Records from a collection

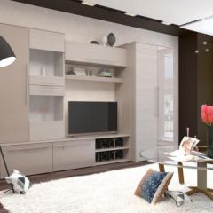 Современная стенка с глянцевыми элементами на фасаде лаконично впишется в интерьер вашей гостиной. Гармоничность форм подчеркивается чудесным выбором сочетающихся друг с другом цветов: глянцевая лакированная отделка цвета КАКАО и благородный ЯСЕНЬ шимо светлый.
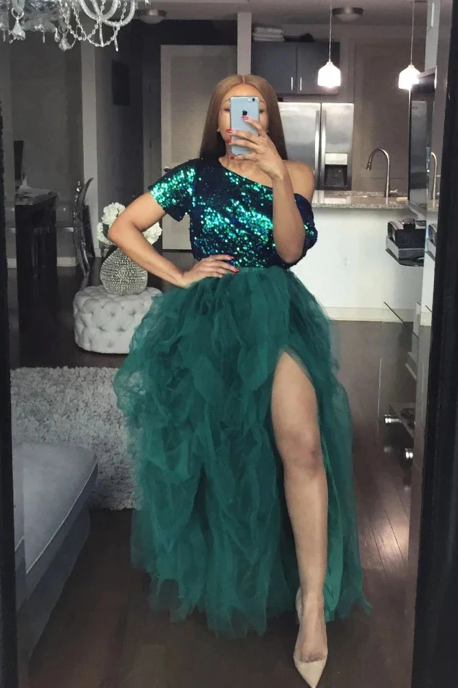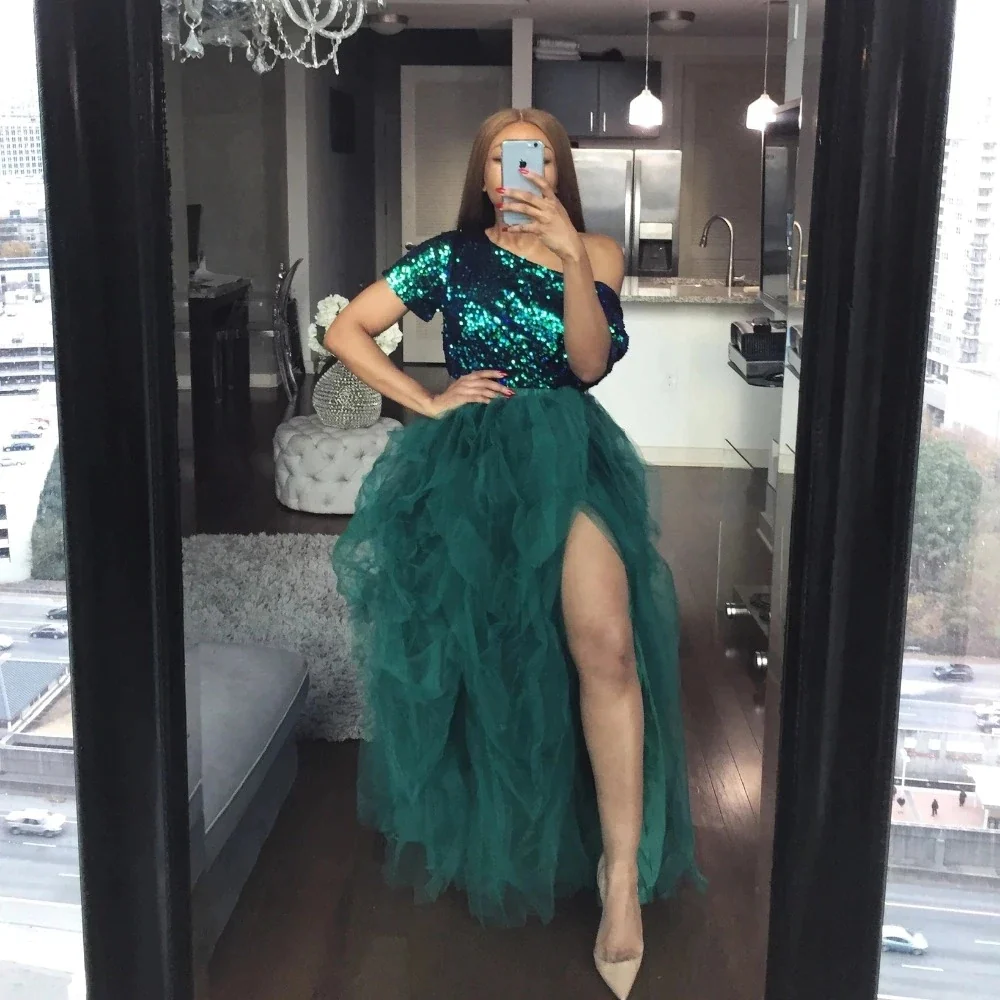 High Slit Tulle Puffy A-line Prom Dress Forest Green Long Ruffles Party Gown OKW47
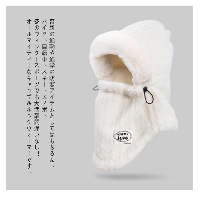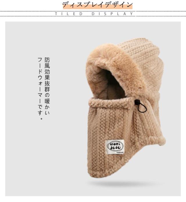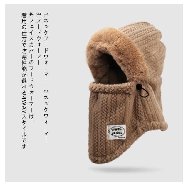 | 完全防備!真冬にも乗り越える! 裏起毛付きで極厚! フードウォーマー 防風効果抜群の暖かいフードウォーマーです。 ・超厚の毛糸編み構造であなたを温かく包み込み、柔らか裏起毛素材の裏地は心地よい気持ちに!型崩れしなく、綺麗なフォルムを実現できます。頭、耳、首元を冷たい風から守ります。 ・1.ネックフードウォーマー 2.ネックウォーマー 3.フードウォーマー 4.フェイスカバーのフードウォーマーは、着用の仕方で防寒性能が選べる4WAYスタイルです ・普段の通勤や通学の防寒アイテムとしてはもちろん、バイク、自転車、スキー、スノボ、冬のウィンタースポーツでも大活躍間違いなし!オールマイティーなキャップ&ネックウォーマーです。 | |
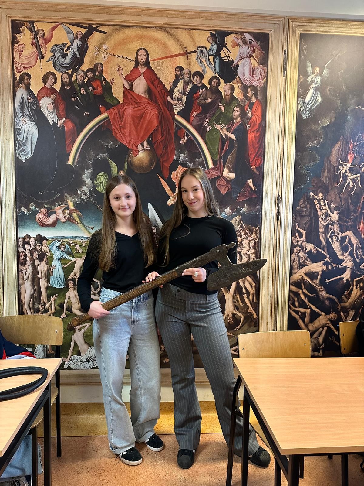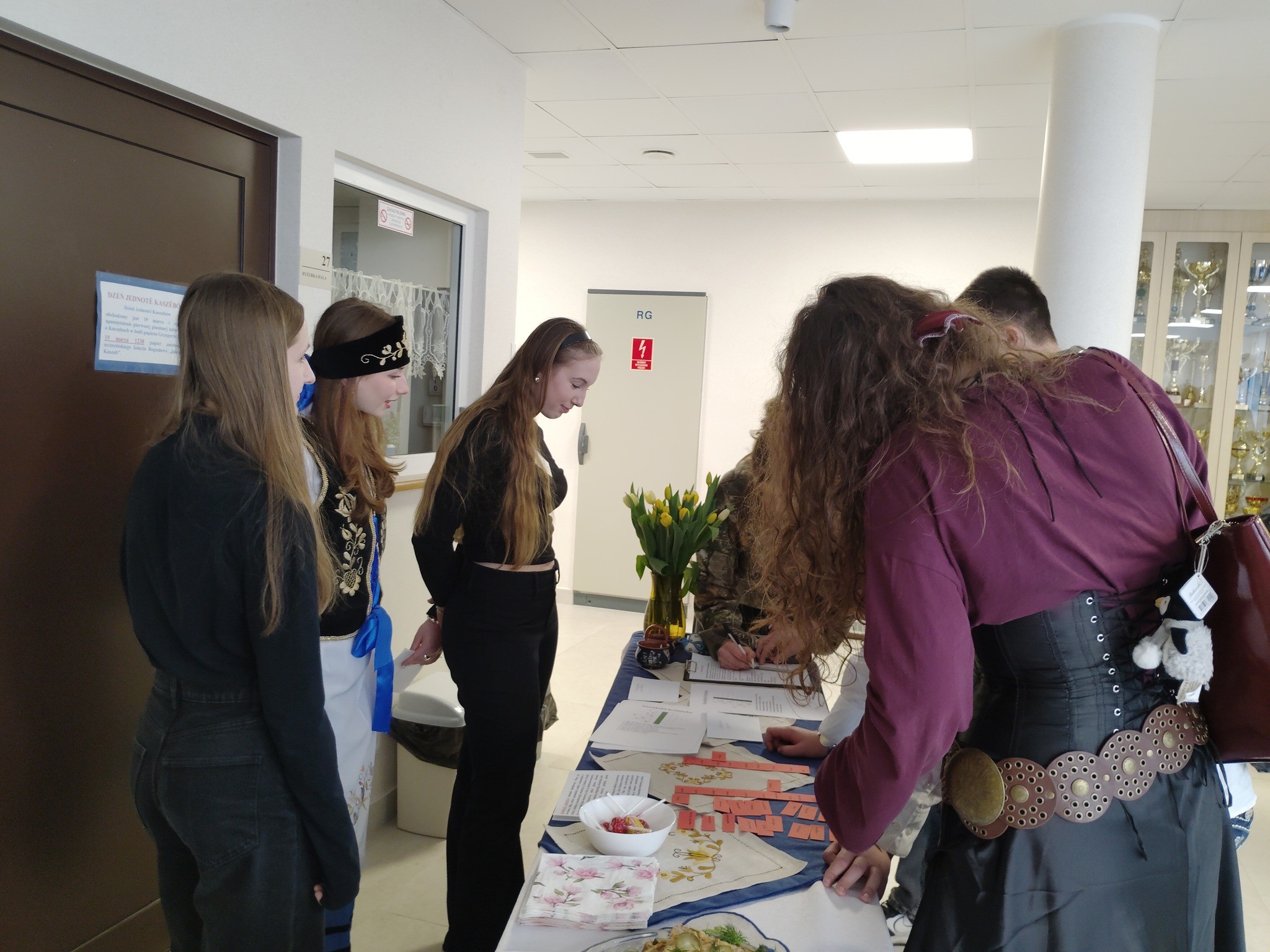 W dniu 10 kwietnia 2026 roku, uczennice naszego Szkolnego koła regionalnego, skorzystały z zaproszenia Klubu Studenckiego „Pomorania” i Muzeum Piśmiennictwa i Muzyki Kaszubsko-Pomorskiej w Wejherowie, na warsztaty, które miały na celu rozwijanie kompetencji poznawczych uczniów, z tematyki dziejów i kultury Pomorza. W trakcie spotkania zwiedziliśmy wystawę w Książnicy Gerarda Labudy „Jak Ruscë przëszlë. Kaszëbë 1945”, po której oprowadził nas twórca projektu dr Michał Hinc. Po obejrzeniu wystawy odbył się panel dyskusyjny na temat tragicznych losów Kaszubów po wkroczeniu Armii Czerwonej w 1945 r. Kolejnym punktem programu była prezentacja Klubu Studenckiego „Pomorania” z Uniwersytetu Gdańskiego, mówiąca o międzynarodowej działalności jej członków. W dalszej kolejności, na prośbę Zrzeszenia Kaszubsko Pomorskiego, opracowywaliśmy pomysły na projekt obywatelski z ramienia tej organizacji. Spotkanie dało uczniom poczucie, że mają wpływ na wszechstronny rozwój Pomorza, i że są przyszłością tej ziemi. Bardzo dziękujemy Panu doktorowi Michałowi Hincowi i Dyrekcji MPiMK-P oraz Klubowi Studenckiemu „Pomorania” z UG za zaproszenie i poświęcony mam czas.
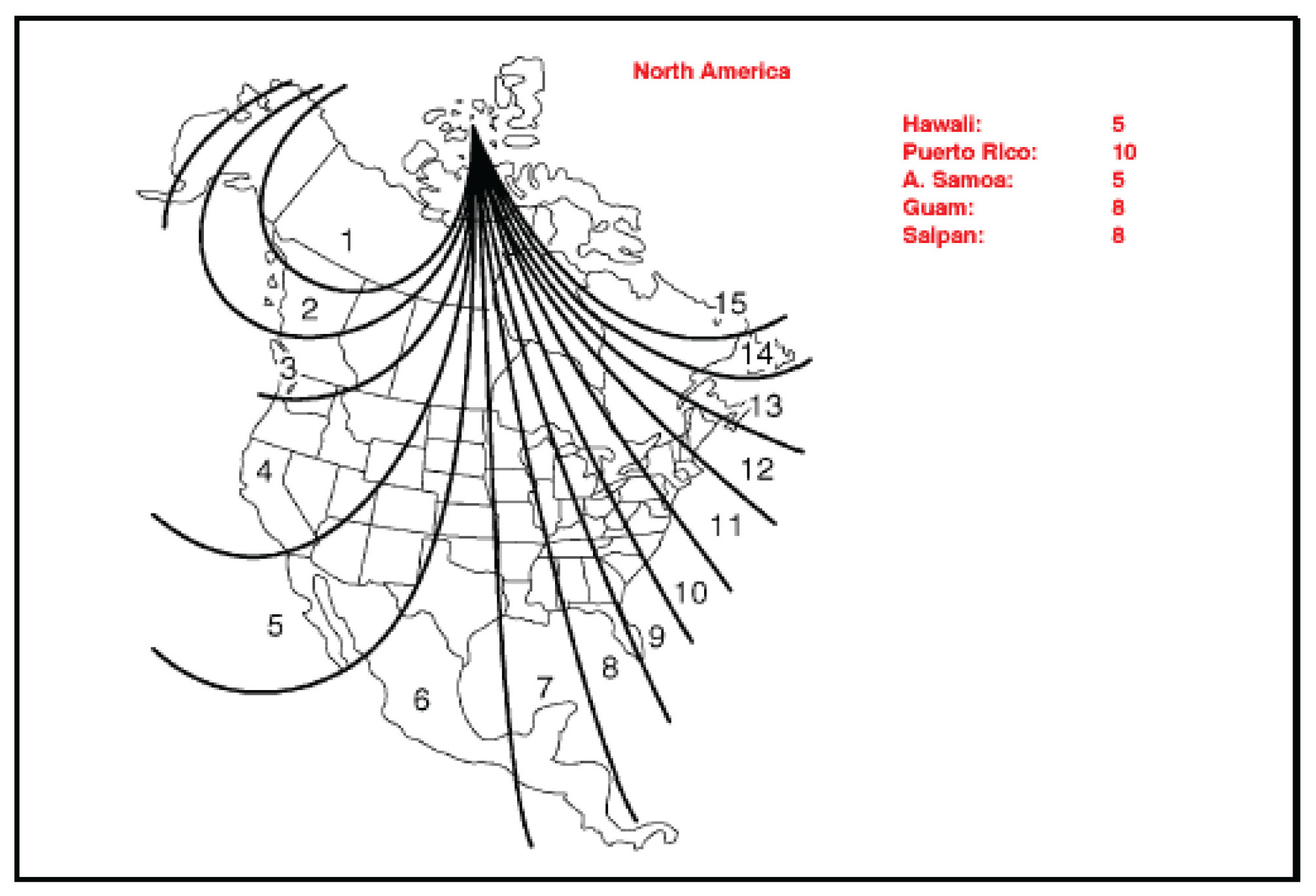 2. Push simultaneously both the right and left personal light switches for longer than 5 seconds until the zone number (1-15) appears on the display. Then push the right or left switch to select the number of the zone where the vehicle is located. See the map for zone reference.
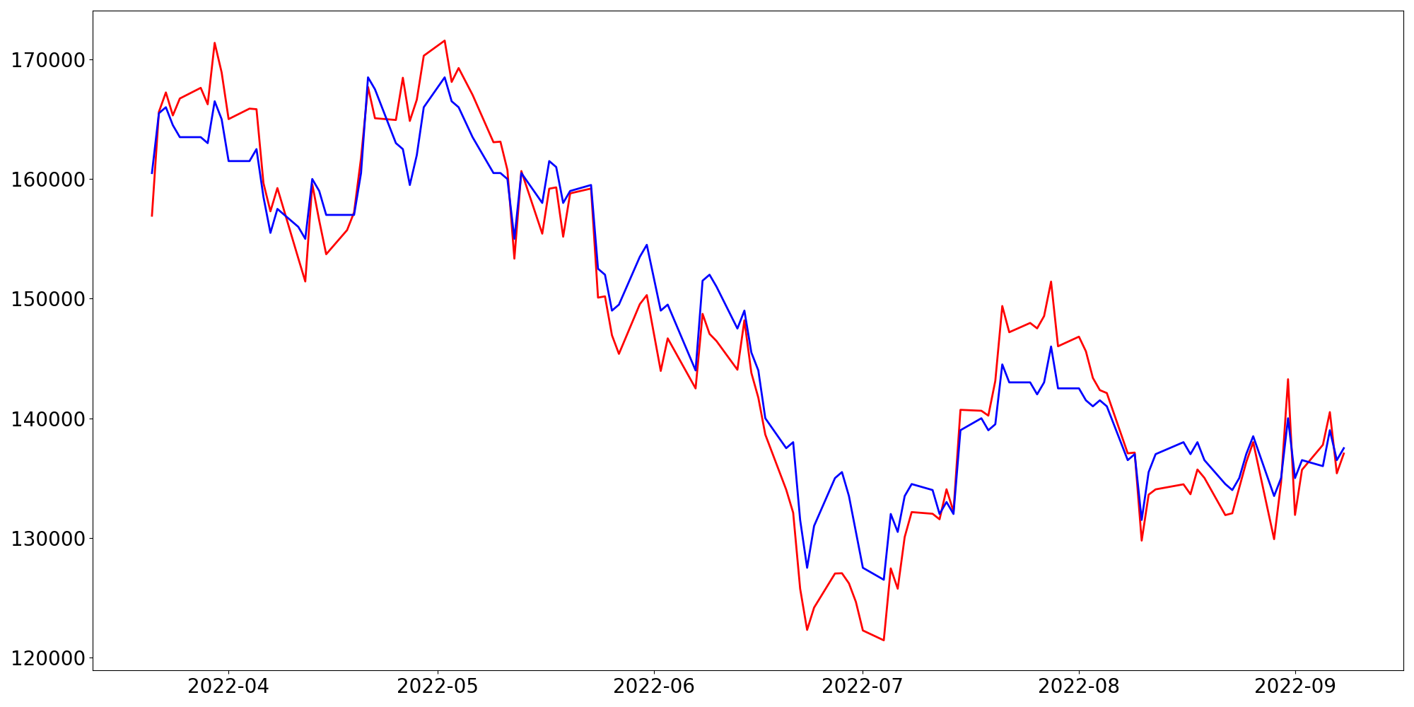 [ - : 실제값(종가) / - : 예측값(종가) ]
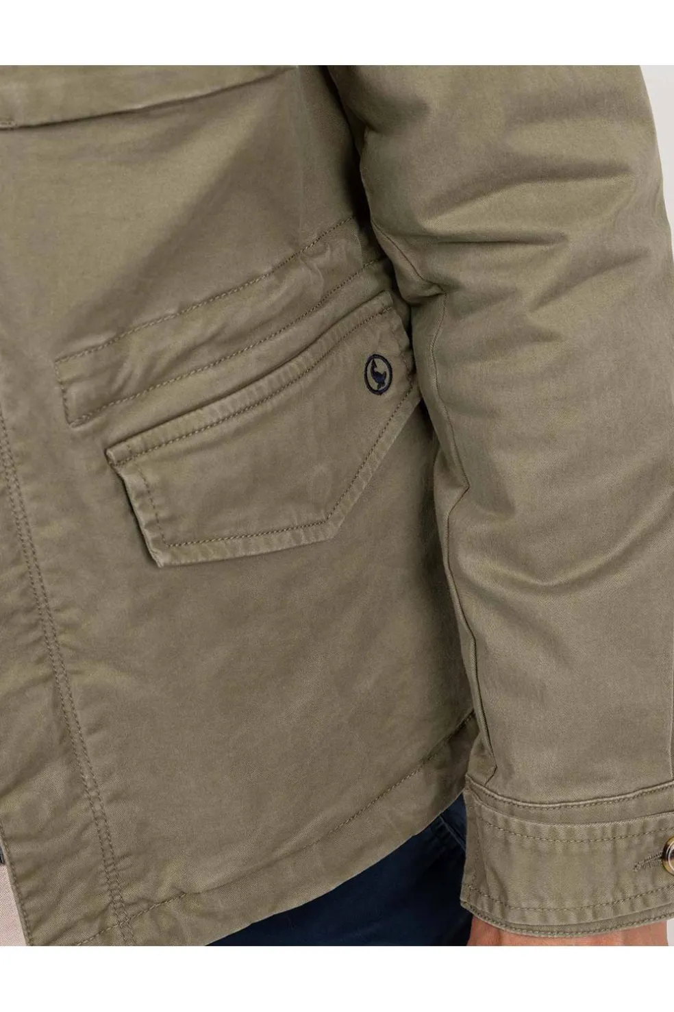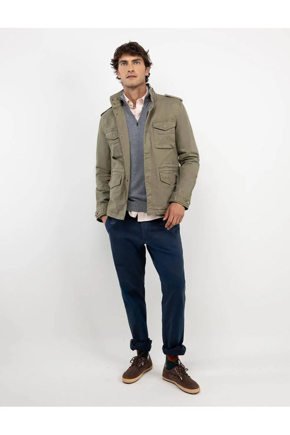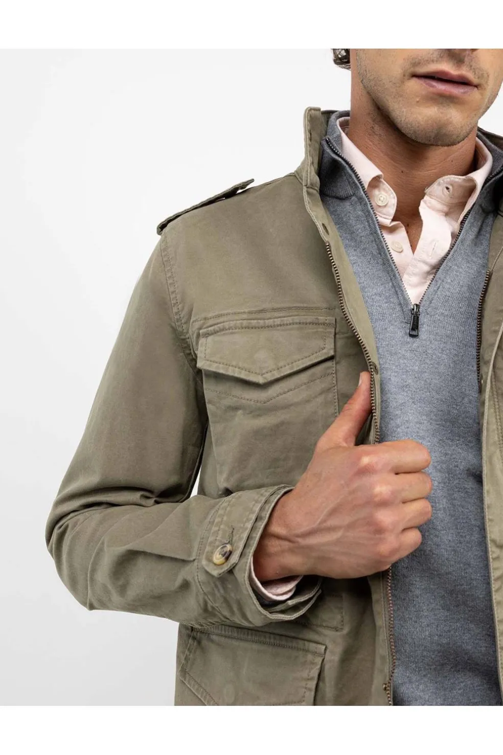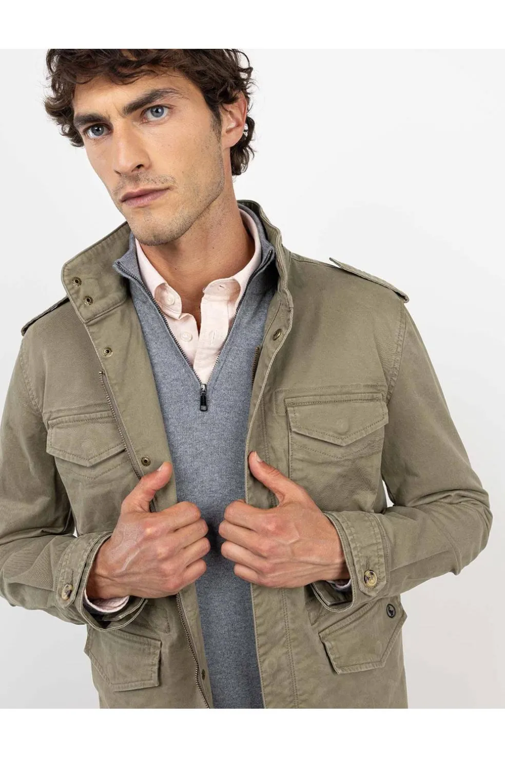 Chaqueta de hombre confeccionada en algodón con elastán para una mayor comodidad. Corte Regular Fit, cuello alto, múltiples bolsillos tipo cargo con tapeta y cierre mediante cremallera oculta por tapeta con botones tipo snap. Manga larga terminada en puño con tira abotonada y cintura ajustable mediante cordón.

TASK ITEM>
Return only the lines from the one that contains "High Slit Tulle" through the closing line of the data, inclusive, reproduced exactly and with every picture left out.

OUTPUT FOR THIS EXERCISE>
 High Slit Tulle Puffy A-line Prom Dress Forest Green Long Ruffles Party Gown OKW47
 | 完全防備!真冬にも乗り越える! 裏起毛付きで極厚! フードウォーマー 防風効果抜群の暖かいフードウォーマーです。 ・超厚の毛糸編み構造であなたを温かく包み込み、柔らか裏起毛素材の裏地は心地よい気持ちに!型崩れしなく、綺麗なフォルムを実現できます。頭、耳、首元を冷たい風から守ります。 ・1.ネックフードウォーマー 2.ネックウォーマー 3.フードウォーマー 4.フェイスカバーのフードウォーマーは、着用の仕方で防寒性能が選べる4WAYスタイルです ・普段の通勤や通学の防寒アイテムとしてはもちろん、バイク、自転車、スキー、スノボ、冬のウィンタースポーツでも大活躍間違いなし!オールマイティーなキャップ&ネックウォーマーです。 | |
 W dniu 10 kwietnia 2026 roku, uczennice naszego Szkolnego koła regionalnego, skorzystały z zaproszenia Klubu Studenckiego „Pomorania” i Muzeum Piśmiennictwa i Muzyki Kaszubsko-Pomorskiej w Wejherowie, na warsztaty, które miały na celu rozwijanie kompetencji poznawczych uczniów, z tematyki dziejów i kultury Pomorza. W trakcie spotkania zwiedziliśmy wystawę w Książnicy Gerarda Labudy „Jak Ruscë przëszlë. Kaszëbë 1945”, po której oprowadził nas twórca projektu dr Michał Hinc. Po obejrzeniu wystawy odbył się panel dyskusyjny na temat tragicznych losów Kaszubów po wkroczeniu Armii Czerwonej w 1945 r. Kolejnym punktem programu była prezentacja Klubu Studenckiego „Pomorania” z Uniwersytetu Gdańskiego, mówiąca o międzynarodowej działalności jej członków. W dalszej kolejności, na prośbę Zrzeszenia Kaszubsko Pomorskiego, opracowywaliśmy pomysły na projekt obywatelski z ramienia tej organizacji. Spotkanie dało uczniom poczucie, że mają wpływ na wszechstronny rozwój Pomorza, i że są przyszłością tej ziemi. Bardzo dziękujemy Panu doktorowi Michałowi Hincowi i Dyrekcji MPiMK-P oraz Klubowi Studenckiemu „Pomorania” z UG za zaproszenie i poświęcony mam czas.
 2. Push simultaneously both the right and left personal light switches for longer than 5 seconds until the zone number (1-15) appears on the display. Then push the right or left switch to select the number of the zone where the vehicle is located. See the map for zone reference.
 [ - : 실제값(종가) / - : 예측값(종가) ]
 Chaqueta de hombre confeccionada en algodón con elastán para una mayor comodidad. Corte Regular Fit, cuello alto, múltiples bolsillos tipo cargo con tapeta y cierre mediante cremallera oculta por tapeta con botones tipo snap. Manga larga terminada en puño con tira abotonada y cintura ajustable mediante cordón.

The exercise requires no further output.